Firings for poor performance at a Big 6 should be a thing, that's simple.

But I am strongly against a season cap on coaches who've been at the same school for a long time, especially if they are still successful. I have Indiana in Wooden. I'm from Indiana and grew up watching IU. I have Oklahoma State in Iba. I graduated from OSU, and waited patiently to qualify for them. While there, I've made multiple Elite Eights and even won a title -- OSU's first in 3.0.

If I were suddenly told, "Oh, you've been at Oklahoma State for sixty seasons. It's time to leave and take a random job, maybe Ole Miss or Nebraska?" my excitement for HD would certainly lessen, probably significantly. For me, OSU, and even IU, hasn't gotten stale, and I'm definitely not going through the motions.
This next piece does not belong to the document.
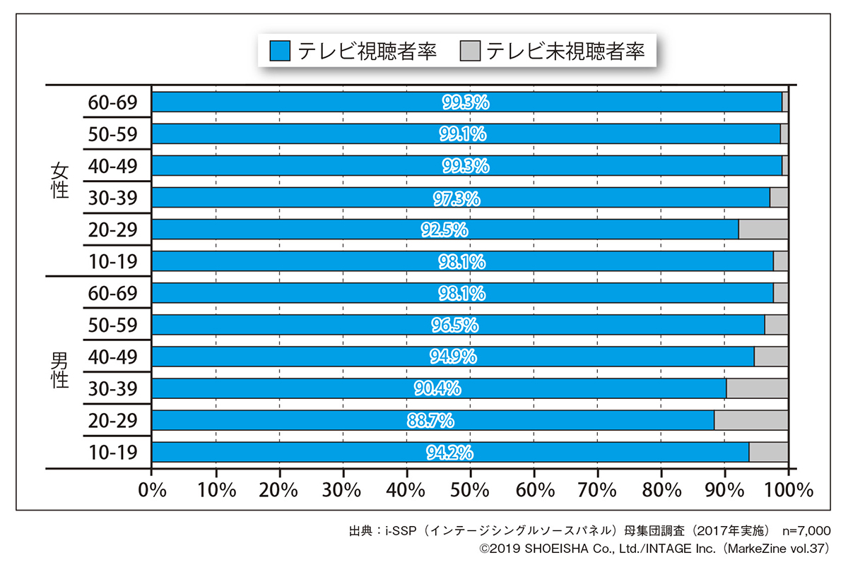 テレビ離れをしていると言われる若年層でも大多数が、いまだにテレビを視聴していることがわかります。約1割の「テレビを観ない」という層のみをターゲットとするのであればそこに向けたデジタル施策の実行は妥当ですが、現状、生活者の大多数を占めているテレビ視聴者に向けたマーケティングは不可欠でしょう。

I'm not a grumpy old man. I'm not stuck in my ways. Getting to my alma mater, then winning a championship at my alma mater is my single greatest moment in HD.

So I respect your opinion, as always, top, but I couldn't disagree more.
Fair enough. And I'm sure you'd be VERY disappointed if you had to leave your school. I believe that. And wouldn't argue that.

What I do argue is that if you were forced to leave, when you get good ol Iowa or LSU because you had to leave, you'd have fun playing the game there too. That is my point. The game isn't fun because of Indiana or Oklahoma St. It's fun because it's fun and I think we forget that at times.

You had fun this entire time GETTING to your school of choice I would imagine, no?
The game is MORE fun--by a wide margin--than when I was coaching anywhere else. If I were suddenly told I had to leave, it would cease being so fun for me. I know I wouldn't care as much about Iowa or LSU as I do with Oklahoma State. Day one in WIS, I looked at Oklahoma State. That was the goal. I joined a second world because Oklahoma State was taken in my first world.

If it's stale for people, let them make that decision. Like you did. DII had gotten stale for you, so you went to DI in some of your worlds, and now the game, as you said earlier, is more fun for you. My friend Crab had the game get stale for him at Oregon, so he went to Miami. Boom, no longer stale. If the game's not stale for me, and if I'm still making the NT and winning games in the NT, don't force me out to play the game a certain way. It will then be less fun. Personal connection makes the game fun for me, and I'm sure for many others. That's why we have dream jobs.